# Right turns in Obedience



## hawtee (Nov 1, 2006)

Ok for you obedience pro's out there, 2 weeks ago we were in an obedience/agility trial. Lilli did a very good job esp. with pigeons flying around and just comig out of the agility ring.She got her 3rd leg for her ASCA CD with a score of 192, where we lost points was on the right turns, we lagged. Any hints on how to get a faster/sharper turn?


----------



## Rastadog (Oct 24, 2006)

*may be a couple of things*

Does Lilli lag on about turns? Does she lag during straight line heeling? How is your footwork? We as handlers can do things in the ring that we blame on the dogs when we in fact cause the behavior. When doing right turns is your left foot in her way causing her to go wide and lag? If you feet are in the right place do you have ring nerves? Our partners sense that in a heartbeat. If no to those questions I would go back to basics,heeling in a clockwise direction, on leash, working on heel position using praise and food to help motavate your partner. After a good right turn release and praise. With heeling issues there are no easy fixes. If you don't have it in pratice you won't have it in the ring. I would also look at the attention you have in the ring. It might help to do some attention work. Attention is the key to all obedience. Have you done attention work? Sorry I can't provide an easy fix without seeing you and your dog.


----------



## hawtee (Nov 1, 2006)

let's see, she lags on the right turn, straight line , left turns and abouts are great she is has wonderful focus. nervous in the ring, ahem. I find it more so than agility...foot work... dang it !!!! I just had to get up and do it and caught myself swinging MY right foot wide. Boy are you good. 
will retrain the right turn, praise and treats...thank you very much I would not have caught that


----------



## LibertyME (Jan 6, 2007)

Katie how are her 270R's? Or 360R's ...if
If they are good...then speed may also be a factor in your 'plain jane' right turns.. you may be taking them too slow for your 'fast and agile' agility dog!

Sorry Pam! - I saw your avatar and thought of Katie!


----------



## Rastadog (Oct 24, 2006)

*footwork*

heel, ball, toe keep your feet and knees together. One other thought if you are worried about the right turns you may be turning your head to look at your dog that can cause a lag in some dogs. " Keep your face in your space." Quote from Teri Arnold. I'm glad you were open minded enough to check your footwork.
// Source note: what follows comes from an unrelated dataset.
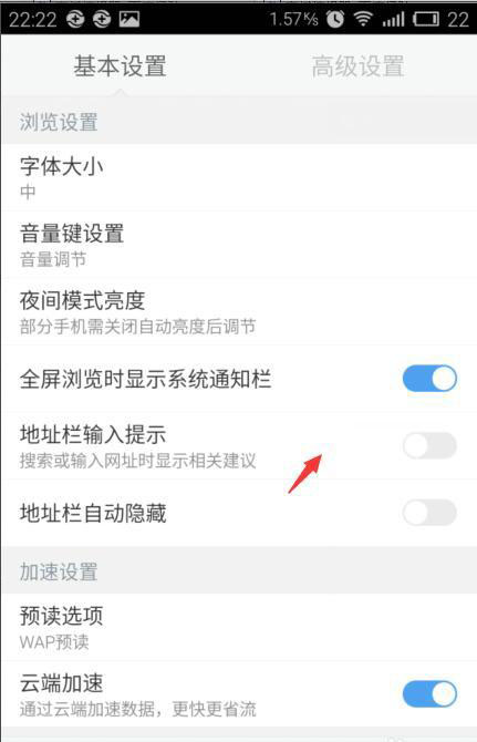 3、在基本设置中,把地址栏输入提示按钮打开就可以了;

One of the first things Teri taught me when I was training was that when problems happen it is usually the handler and not the dog. Good luck with your training. Are you using the ASCA trials as a warmup for AKC novice classes?


----------



## hawtee (Nov 1, 2006)

Grrrr..you both have nailed it she is very fast in agility and I noticed as I went to do the right turn I slowed myself down, pulled my shoulders back and I did look at her which is my cue in agility for her to go left. I did not realize that when I slowed I also turned my left shoulder as I looked, jeesh so much to correct on my part. In the 270's and 360's we are in a tight fast turn..trust me I know 99.9% of the time the fault is me lol..although sometimes she does have the yehaw factor..
Yes asca is just leading up to the AKC I figured I would try to get all the practice I can before jumping into the big ring lol..
Thank you both for the great info..


----------



## FlyingQuizini (Oct 24, 2006)

Woohoo! Glad you found the answers you needed! The dogs are so amazingly tuned into every little move we make - the slightest dip in your left shoulder can cause a dog to lag!

Here's a trick my coach gave me:

When you're heeling, turn your head the direction of the turn a nano-second before you turn the rest of your body. For me, once my head has gone to the right, I'm less apt to do something to make the rest of my body shift to the left, which makes my dog lag. So, the sequence is... heeling.... someone calls right turn.... head>body. If you were counting it off, the head would turn on one and you'd execute the turn with your body on two. OH - heeling to a metronome is helpful, too -- because it lets you know if you're slowing down during the turns.


----------



## hawtee (Nov 1, 2006)

Wow thanks Steph, good idea...


----------